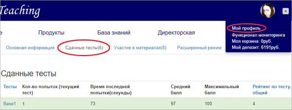 Результаты сданных тестов хранятся в профиле вашего аккаунта.
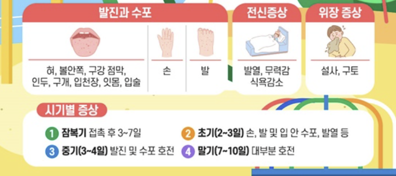 - 초기 (23일): 열이 나고 손, 발, 입안에 수포가 생깁니다. 아이가 물이나 음식을 먹기 힘들어하는 시기입니다.
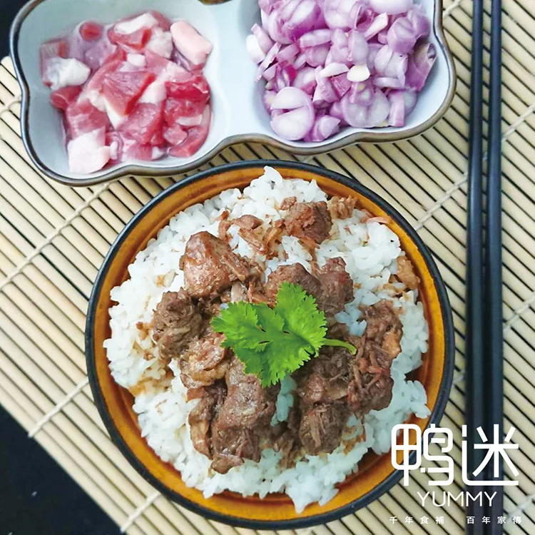 古早味鴨肉燥以傳統工法製成,厚切鴨肉塊的做法不同於坊間豬肉燥,滷出鴨肉的鮮甜,卻不肥膩。將雲林在地紅蔥頭炸成金黃的紅蔥頭酥,將蒜末爆香後加入現宰鴨肉、紅蔥頭酥及主廚配方一起費時熬煮,肉燥散出的香氣透出蔥香及醬香。
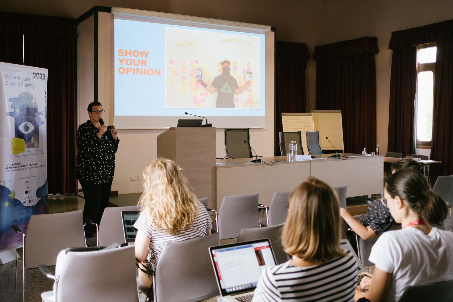 The training has been realised thanks to the support of Creative Europe MEDIA programme, the CNC – Centre national du cinéma et de l’image animée, the FFA - Filmförderungsanstalt and the Direzione Generale del Cinema of the Italian Ministry of Culture. A special thanks also go to San Servolo Servizi, the long-time partner of the training, the national arthouse cinema associations AFCAE, AG Kino and FICE, as well as MUBI, joining the ranks of sponsors in recent years.
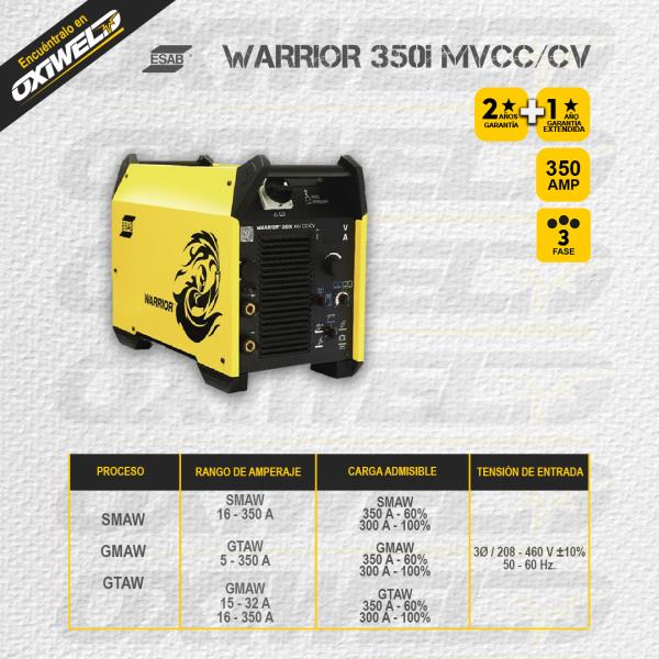 El sistema de soldadura Warrior empareja la Warrior 350i MV de voltaje múltiple y multiproceso con componentes y piezas líderes en la industria para brindar soluciones de soldadura industrial completa. La Warrior 350i MV proporciona 350 amperios con un ciclo de trabajo del 60% y se ajusta automáticamente a la potencia de entrada primaria con la flexibilidad de recibir de 208 a 460 VCA trifásicos.
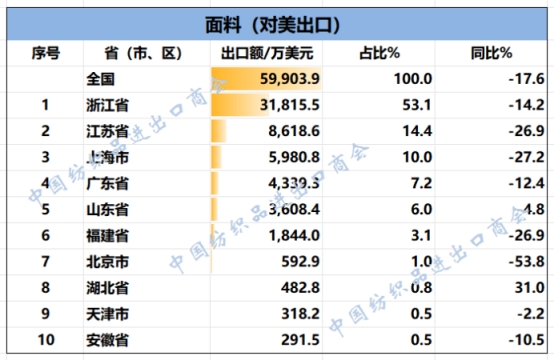 2025年1-9月,我國紡織服裝累計對美出口339.57億美元,同比下降10.1%。浙江省、江蘇省、廣東省、山東省、上海分別列全國紡織服裝對美出口省市前五位,合計比重超八成。
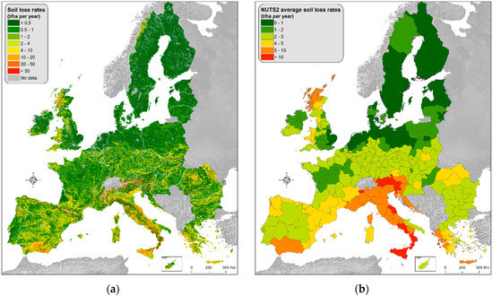 Soil formation rates found in the literature vary quite significantly as early studies report rates of 0.05–0.5 mm per year (≈ 1 t ha−1 yr−1) [61] or 1.4–2 t ha−1 yr−1 [62], while recent ones suggest that soil production can be 3.2–4.5 t ha−1 yr−1 [63]. Around 25% (948 × 103 Km2) of the potentially erosion-sensitive study area has soil loss rates above 2 t ha−1 yr−1 (Table 3). Comparing the soil loss rates, which only partially represent all soil erosion processes (gullying, wind erosion, harvest erosion and piping are not included in this study) [53], we conclude that the total soil loss rates are much larger than soil formation rates in large parts of the EU and mitigation measures are therefore very urgent.
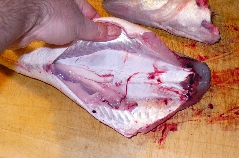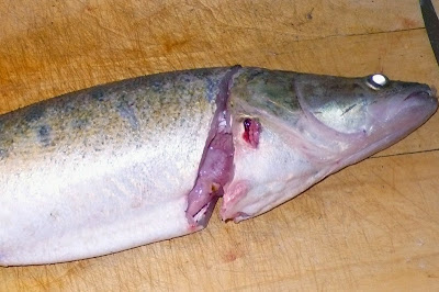 Némi rutinnal - ha ismerjük az epehólyag elhelyezkedését - a has felnyitása előtt is levághatjuk a fejet (ollóval vágjuk át a gerincet!), de lehet úgy is csinálni, hogy a fej eltávolítása előtt a kopoltyúk tövétől a végbélnyílásig hatoló vágással kibelezzük a halunkat.
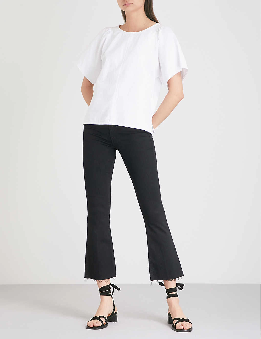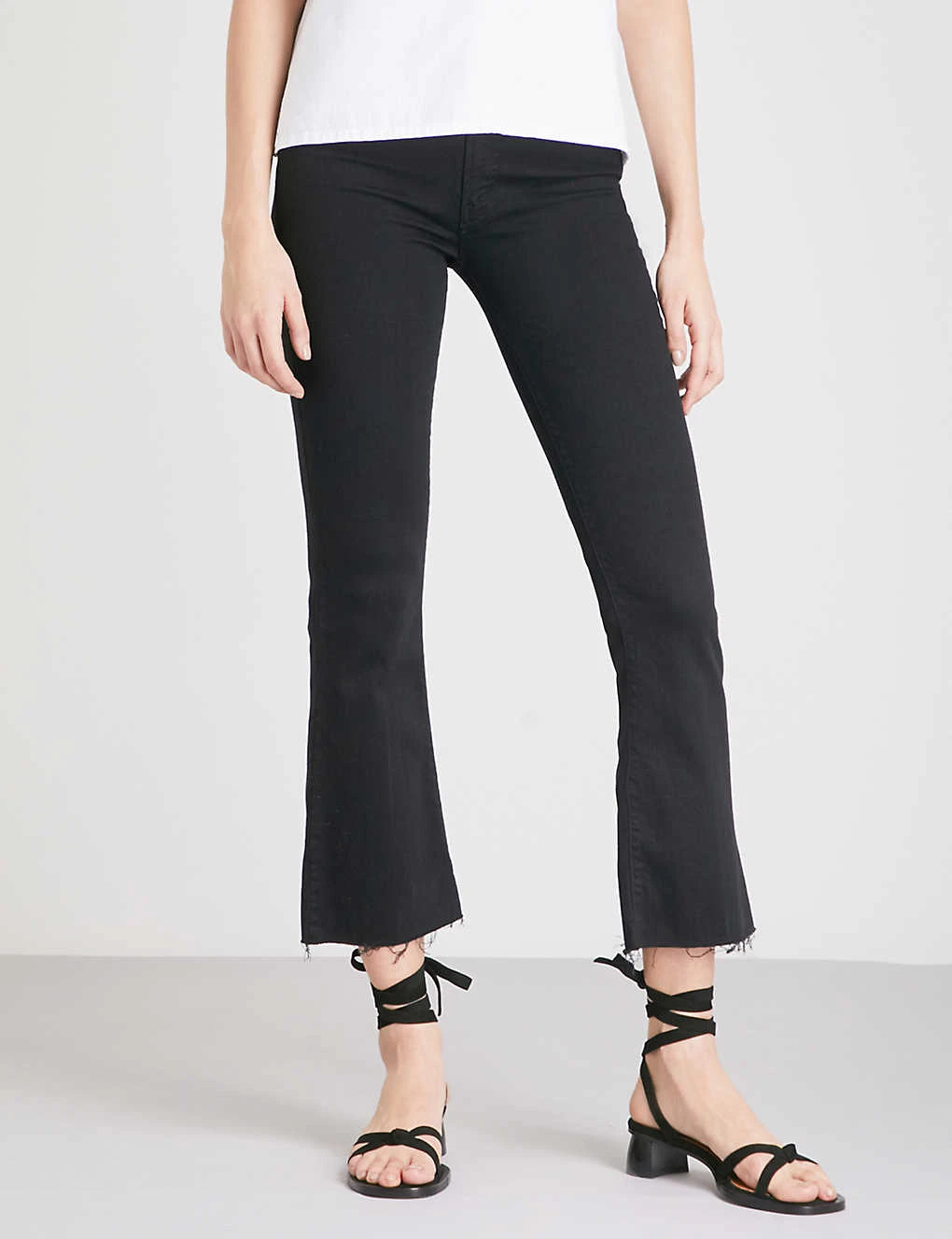 MOTHER Hustler Ankle Fray Flared High-rise Jeans
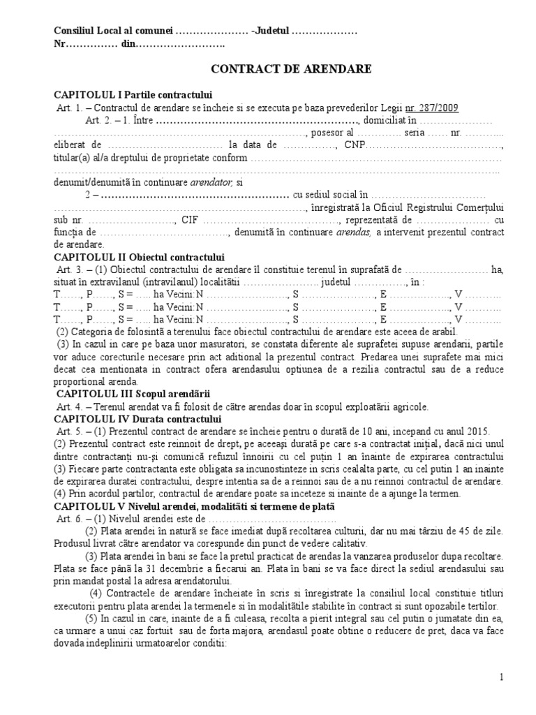 Model Contract Arenda Cadru
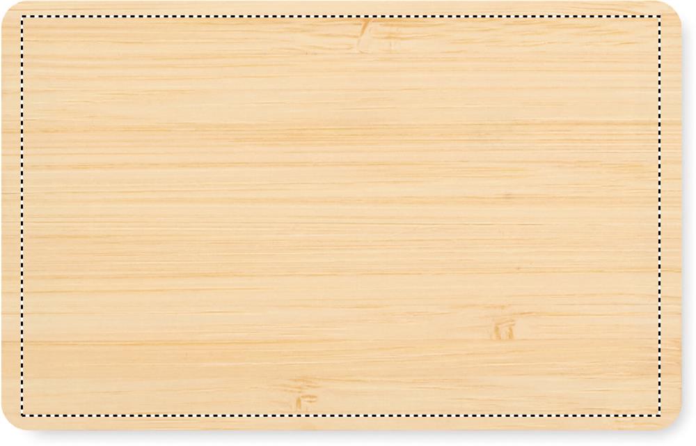 RFID apsaugos nuo nugriebimo kortelė bambukiniame dėkle. Naudodamas elektromagnetinį lauką, visos 13,56 MHz kortelės (traukiniuose, autobusuose, banko ar kredito kortelės) apsaugotos nuo elektroninio kirtiklio įkišimo 2-3 cm aplink kortelę. (1,3 mm). Bambukas yra natūralus produktas, gali šiek tiek skirtis kiekvieno gaminio spalva ir dydis, o tai gali turėti įtakos galutiniam dekoravimo rezultatui.
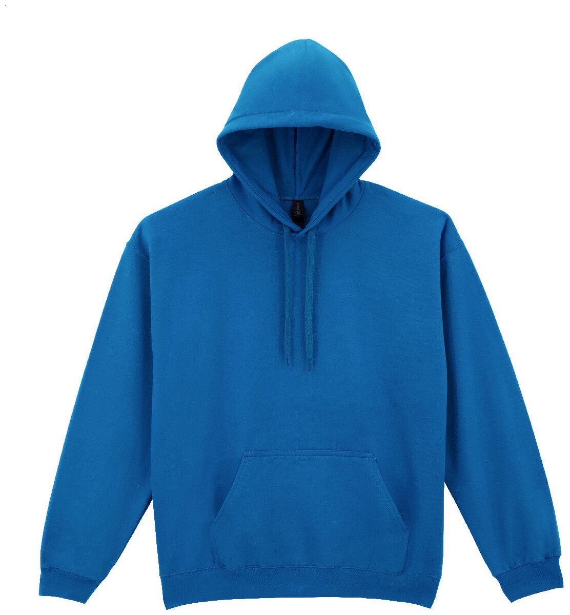 Mikina s kapucí, 80% bavlna a 20% polyester s přední kapsou. 285 g/m2 (bílá 278 g/m2). Značka Gildan.
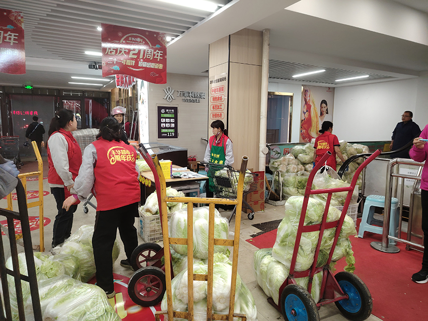 二十一周年慶期間,民生店同事們齊心協力,加班加點提前將店慶福利贈品大白菜擺放在兌獎處,以便顧客兌換領取。
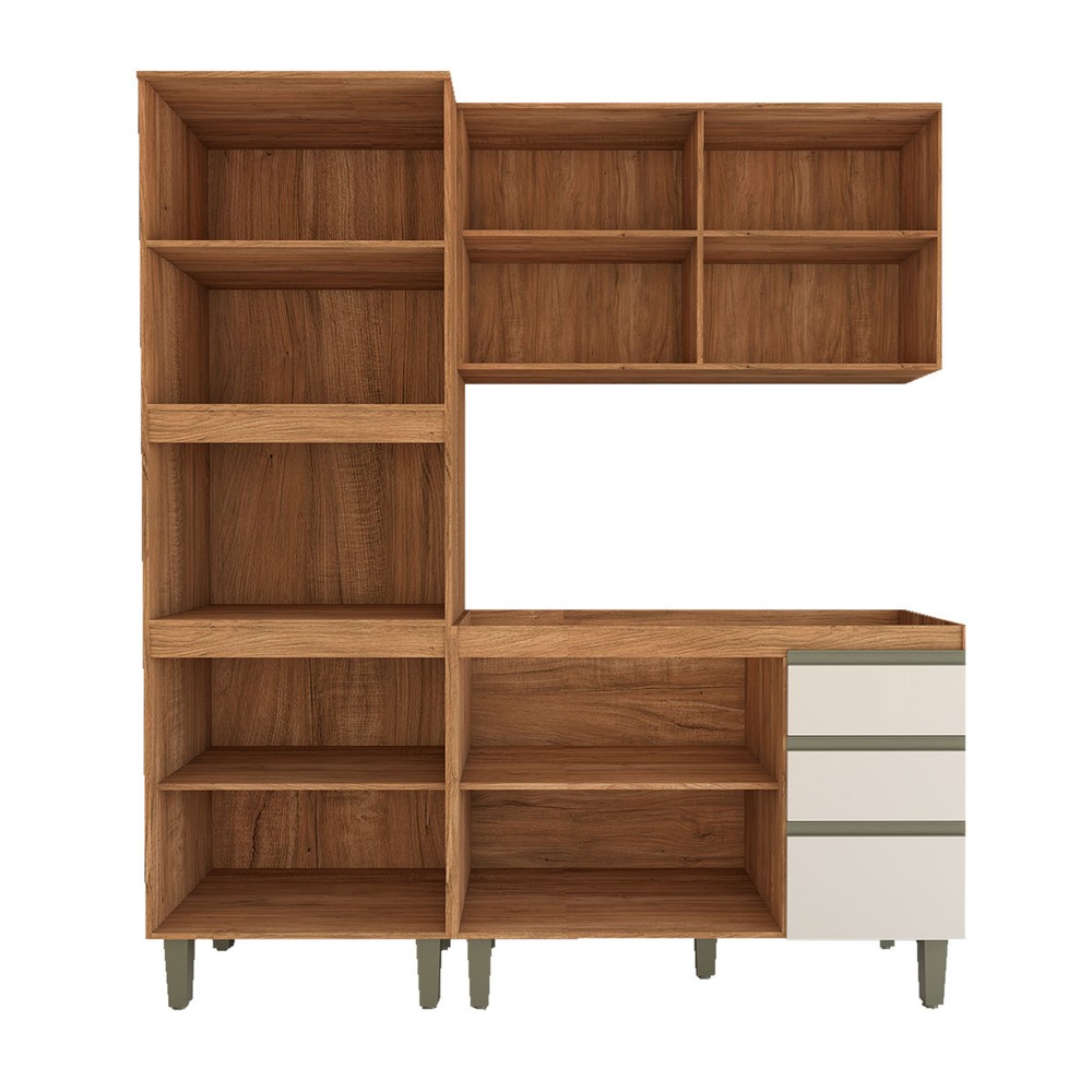 O(a) Cozinha Compacta Modulada 7 Portas 3 Gavetas com Vidro Freijó/Off White - Panorama Móveis é produzido em MDP na escala de brilho Fosco, e possui um grau de dificuldade de montagem: Médio.

____________________

* **WORK TASK**: Copy exactly the lines of the listing above between the one holding "The training has" and the one holding "Soil formation rates found", inclusive; omit all pictures.

* **ANSWER SPACE**:
 The training has been realised thanks to the support of Creative Europe MEDIA programme, the CNC – Centre national du cinéma et de l’image animée, the FFA - Filmförderungsanstalt and the Direzione Generale del Cinema of the Italian Ministry of Culture. A special thanks also go to San Servolo Servizi, the long-time partner of the training, the national arthouse cinema associations AFCAE, AG Kino and FICE, as well as MUBI, joining the ranks of sponsors in recent years.
 El sistema de soldadura Warrior empareja la Warrior 350i MV de voltaje múltiple y multiproceso con componentes y piezas líderes en la industria para brindar soluciones de soldadura industrial completa. La Warrior 350i MV proporciona 350 amperios con un ciclo de trabajo del 60% y se ajusta automáticamente a la potencia de entrada primaria con la flexibilidad de recibir de 208 a 460 VCA trifásicos.
 2025年1-9月,我國紡織服裝累計對美出口339.57億美元,同比下降10.1%。浙江省、江蘇省、廣東省、山東省、上海分別列全國紡織服裝對美出口省市前五位,合計比重超八成。
 Soil formation rates found in the literature vary quite significantly as early studies report rates of 0.05–0.5 mm per year (≈ 1 t ha−1 yr−1) [61] or 1.4–2 t ha−1 yr−1 [62], while recent ones suggest that soil production can be 3.2–4.5 t ha−1 yr−1 [63]. Around 25% (948 × 103 Km2) of the potentially erosion-sensitive study area has soil loss rates above 2 t ha−1 yr−1 (Table 3). Comparing the soil loss rates, which only partially represent all soil erosion processes (gullying, wind erosion, harvest erosion and piping are not included in this study) [53], we conclude that the total soil loss rates are much larger than soil formation rates in large parts of the EU and mitigation measures are therefore very urgent.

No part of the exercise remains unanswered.